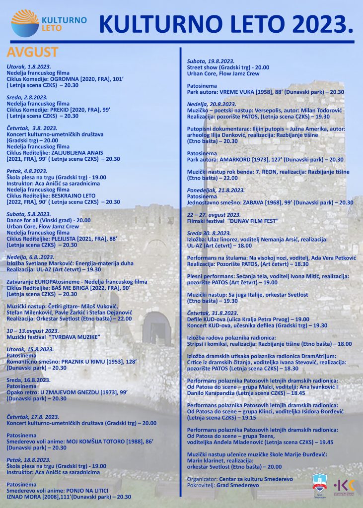 U toku prethodnog meseca uživali smo na više lokacija u Smederevu bogatim kulturnim sadržajem, a i u avgustu nas očekuju brojni zanimljivi kulturni događaji. Sada možete videti i kompletan program za avgust.
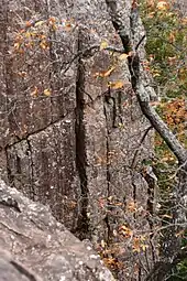 Rattlesnake Mountain is a traprock mountain, 750 feet (230 m) above sea level, located 9 miles (14 km) southwest of Hartford, Connecticut, in the town of Farmington. It is part of the narrow, linear Metacomet Ridge that extends from Long Island Sound near New Haven, Connecticut, north through the Connecticut River Valley of Massachusetts to the Vermont border. Rattlesnake Mountain, a popular outdoor recreation resource of the metropolitan Hartford area, is known for its cliff-top scenic vistas, unique microclimate ecosystems, and rare plant communities. Will Warren's Den, a boulder cave located on the mountain, is a local historic site. Rattlesnake Mountain is traversed by the 51-mile (82 km) Metacomet Trail.[2][3][4]
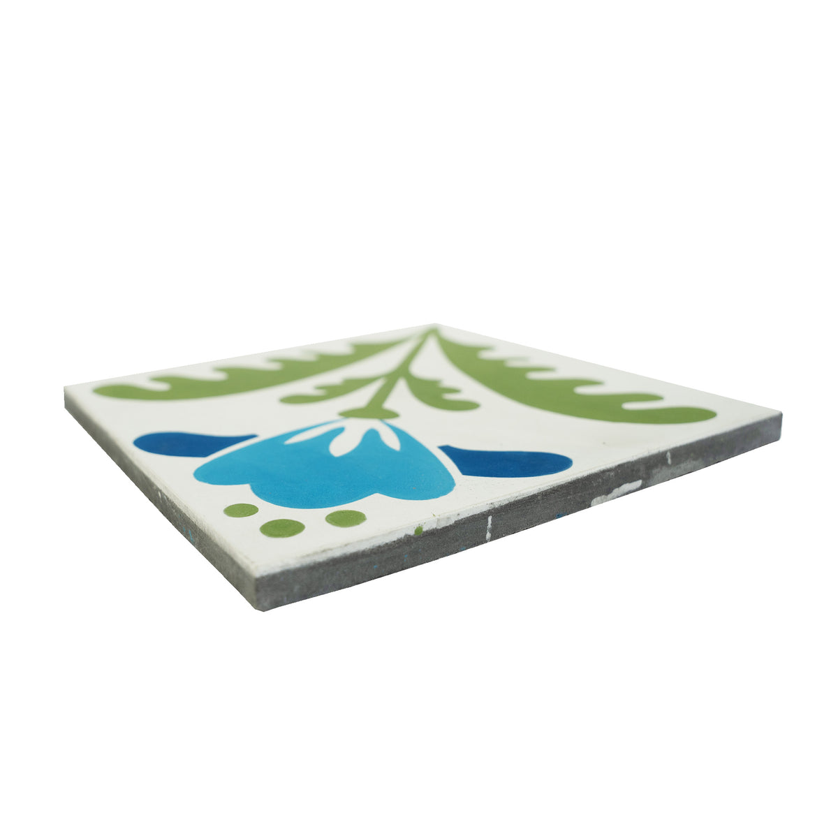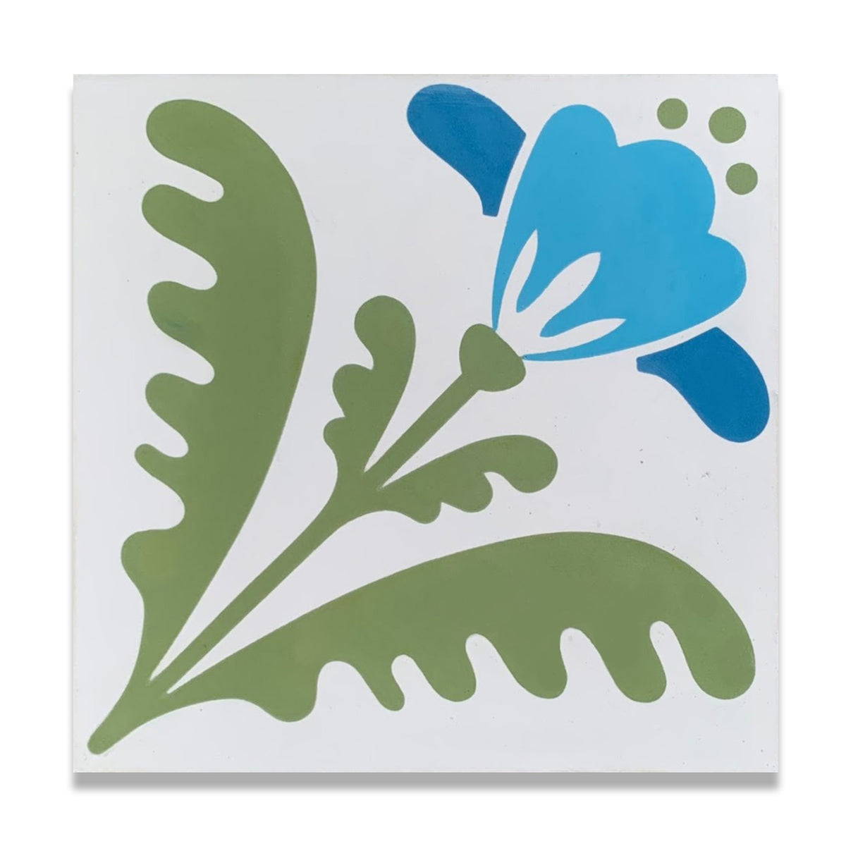 The Linda pattern features a charming floral design, evoking a sense of nature’s simplicity and grace. A bold blue flower, complemented by flowing green leaves, brings a fresh, lively energy to any space. The clean, minimalist backdrop enhances the vivid colors, making this 8” x 8” tile a perfect choice for both modern and traditional aesthetics. Designed by Hollis Callas.

> [EXERCISE DESCRIPTION]
The result should be a word-for-word restatement of all the data, without images.

> [TASK OUTPUT]
 U toku prethodnog meseca uživali smo na više lokacija u Smederevu bogatim kulturnim sadržajem, a i u avgustu nas očekuju brojni zanimljivi kulturni događaji. Sada možete videti i kompletan program za avgust.
 Rattlesnake Mountain is a traprock mountain, 750 feet (230 m) above sea level, located 9 miles (14 km) southwest of Hartford, Connecticut, in the town of Farmington. It is part of the narrow, linear Metacomet Ridge that extends from Long Island Sound near New Haven, Connecticut, north through the Connecticut River Valley of Massachusetts to the Vermont border. Rattlesnake Mountain, a popular outdoor recreation resource of the metropolitan Hartford area, is known for its cliff-top scenic vistas, unique microclimate ecosystems, and rare plant communities. Will Warren's Den, a boulder cave located on the mountain, is a local historic site. Rattlesnake Mountain is traversed by the 51-mile (82 km) Metacomet Trail.[2][3][4]
 The Linda pattern features a charming floral design, evoking a sense of nature’s simplicity and grace. A bold blue flower, complemented by flowing green leaves, brings a fresh, lively energy to any space. The clean, minimalist backdrop enhances the vivid colors, making this 8” x 8” tile a perfect choice for both modern and traditional aesthetics. Designed by Hollis Callas.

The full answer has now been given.